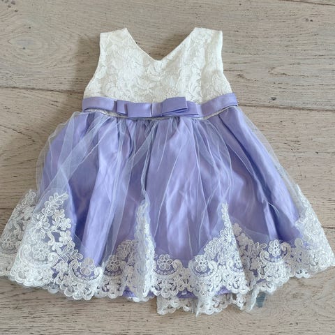 Kjempefin kjole i str 86 cm, 1,5 år, 18 mnd med et fint knytebånd. Kun brukt et par ganger, i god stand. Kan sendes dersom porto dekkes.
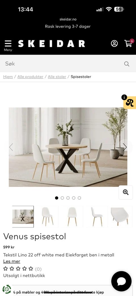 Lom spisestue med 6 stoler.
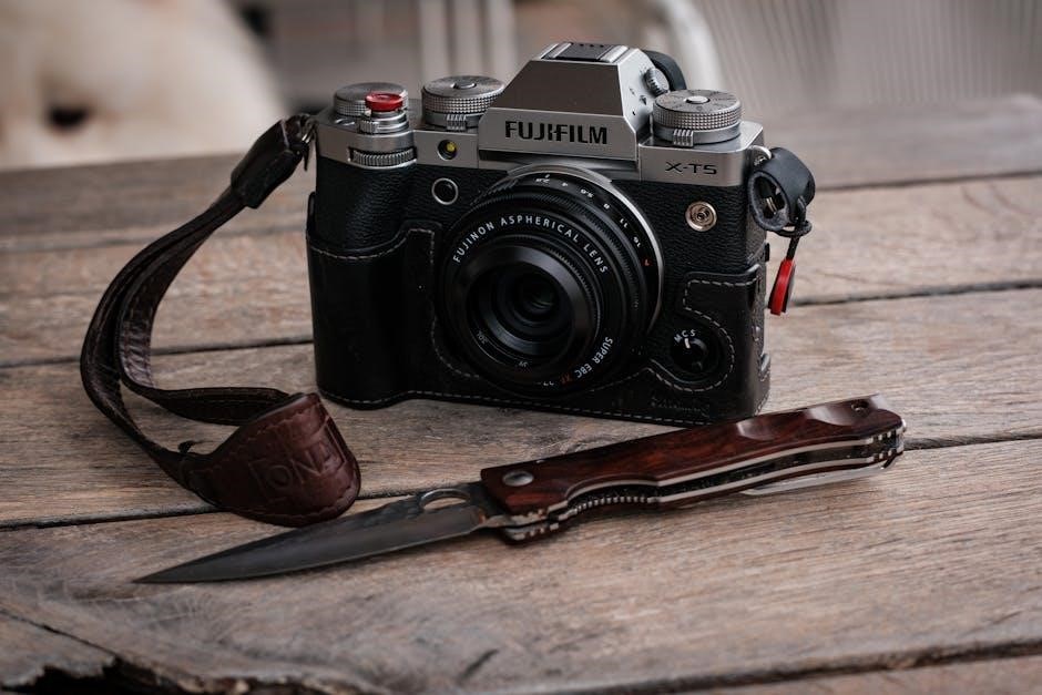 Crucially, the back panel also houses the battery compartment, accepting standard batteries to power the camera’s electronic functions. Detailed in manuals, including the German version from 2020, these controls are vital for operation. Understanding their placement and function ensures smooth film loading, rewinding, and camera power management.
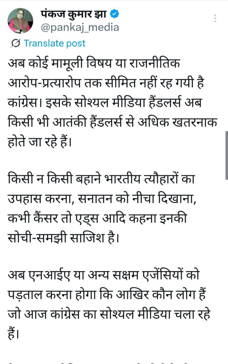 किसी न किसी बहाने भारतीय त्यौहारों का उपहास करना, सनातन को नीचा दिखाना, कभी कैंसर तो एड्स आदि कहना इनकी सोची-समझी साजिश है. अब एनआईए या अन्य सक्षम एजेंसियों को पड़ताल करना होगा कि आखिर कौन लोग हैं जो आज कांग्रेस का सोशल मीडिया चला रहे है.
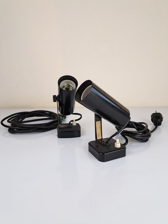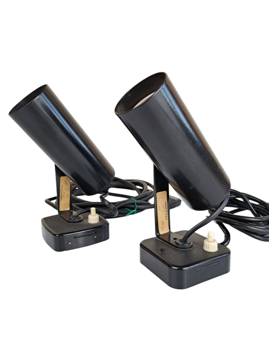 Coppia di lampade da parete in metallo e plastica nera, design Targetti anni 70. 2 faretti orientabili con etichetta originale, due modelli diversi ma similari che differiscono per la ghiera di regolazione laterale, gli attacchi alla...Prezzo di listino €40,00 -

※

- **Aim of the exercise**: What's needed is every line above, retyped exactly and free of pictures.

- **Answer to this task**:
 Kjempefin kjole i str 86 cm, 1,5 år, 18 mnd med et fint knytebånd. Kun brukt et par ganger, i god stand. Kan sendes dersom porto dekkes.
 Lom spisestue med 6 stoler.
 Crucially, the back panel also houses the battery compartment, accepting standard batteries to power the camera’s electronic functions. Detailed in manuals, including the German version from 2020, these controls are vital for operation. Understanding their placement and function ensures smooth film loading, rewinding, and camera power management.
 किसी न किसी बहाने भारतीय त्यौहारों का उपहास करना, सनातन को नीचा दिखाना, कभी कैंसर तो एड्स आदि कहना इनकी सोची-समझी साजिश है. अब एनआईए या अन्य सक्षम एजेंसियों को पड़ताल करना होगा कि आखिर कौन लोग हैं जो आज कांग्रेस का सोशल मीडिया चला रहे है.
 Coppia di lampade da parete in metallo e plastica nera, design Targetti anni 70. 2 faretti orientabili con etichetta originale, due modelli diversi ma similari che differiscono per la ghiera di regolazione laterale, gli attacchi alla...Prezzo di listino €40,00 -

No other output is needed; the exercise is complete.